There is no evident explanation for the differential treatment given to trade secrets accessed or misappropriated by means of a computer system, as opposed to by other means; but it is no surprise to find the U.S. pushing such a technophobic provision, which mirrors equivalent provisions of U.S. law that have been used to persecute hackers for offenses that would otherwise have been considered much more minor.
Top-Down Control of the Internet
ICANN, the global domain name authority, provoked a furore earlier this year over proposals that could limit the ability for owners of domain names to shield their personal information from copyright and trademark trolls, identity thieves, scammers and harassers.
The TPP has just ridden roughshod over that entire debate (at least for country-code top-level domains such as .us, .au and .jp), by cementing in place rules (QQ.C.12) that countries must provide “online public access to a reliable and accurate database of contact information concerning domain-name registrants.”
The same provision also requires countries to adopt an equivalent to ICANN's flawed Uniform Domain-Name Dispute Resolution Policy (UDRP), despite the fact that this controversial policy is overdue for a formal review by ICANN, which might result in the significant revision of this policy. Where would this leave the TPP countries, that are locked in to upholding a UDRP-like policy for their own domains for the indefinite future?

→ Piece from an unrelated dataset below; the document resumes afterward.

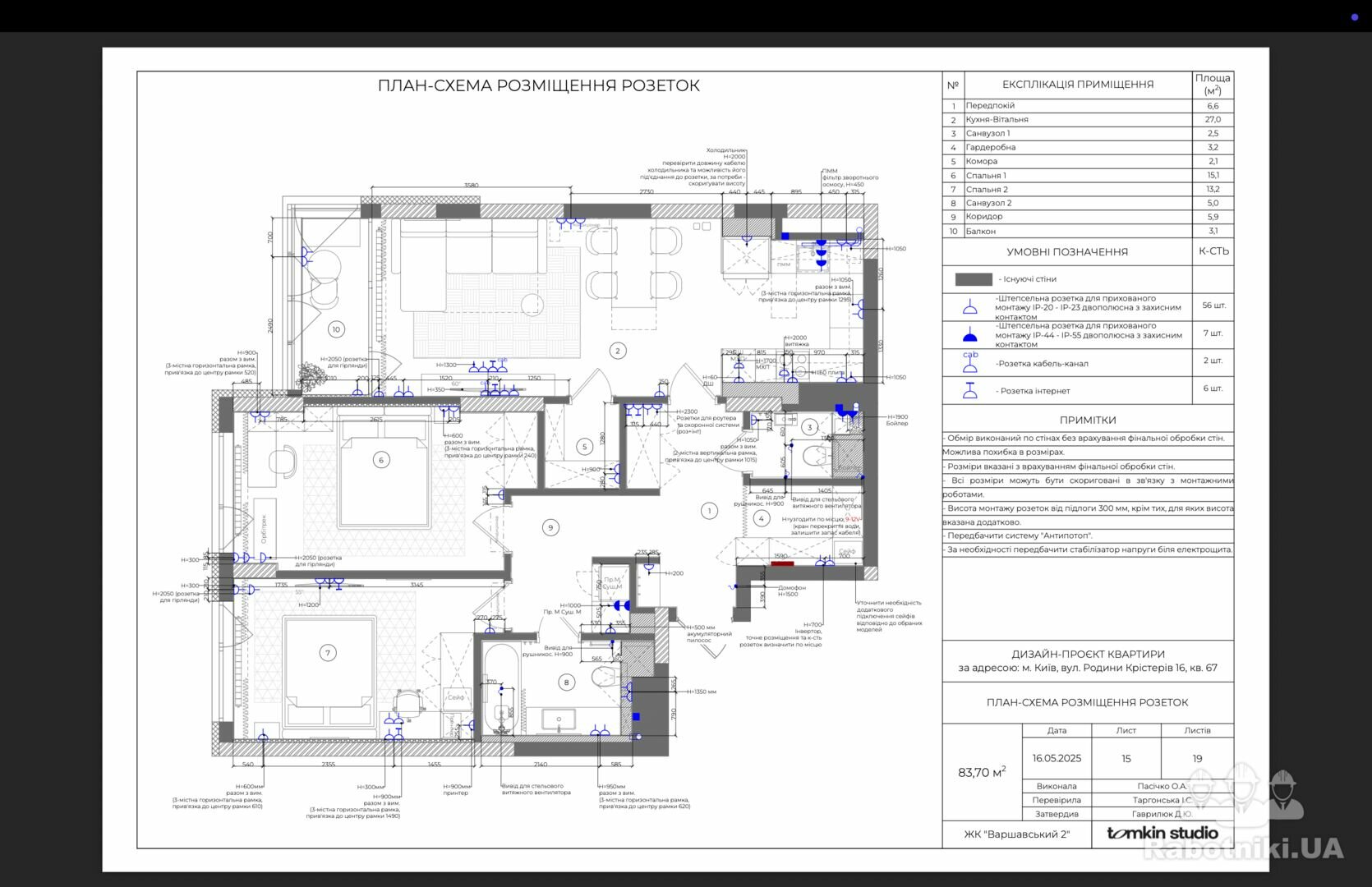 Електромонтажні роботи в новобудові 83м2 Розведення проводки по стелі з комутаціями в розподільчих коробках з гільзуванням скруток Чекаю на кошторис робіт та розрахунок кількості матеріалів Проект в файлах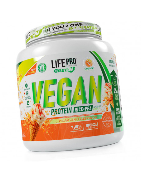 Life Pro Vegan Protein 900g Organic Protein contains no soy, lactose, sugars or cholesterol, so it seems obvious that it is compatible with virtually any diet. Nothing will hinder the benefits of protein, so you can reach your goals without having to worry about anything else. It is available in three delicious flavors: cookies, chocolate cinnamon and banana split.

The TPP's prescription of rules for domain names completely disregards the fact that most country code domain registries have their own, open, community-driven processes for determining rules for managing domain name disputes. More than that, this top-down rulemaking on domain names is in direct contravention of the U.S. administration's own firmly-stated commitment to uphold the multi-stakeholder model of Internet governance. Obviously, Internet users cannot trust the administration that it means what it says when it gives lip-service to multi-stakeholder governance—and that has ramifications that go even even deeper than this terrible TPP deal.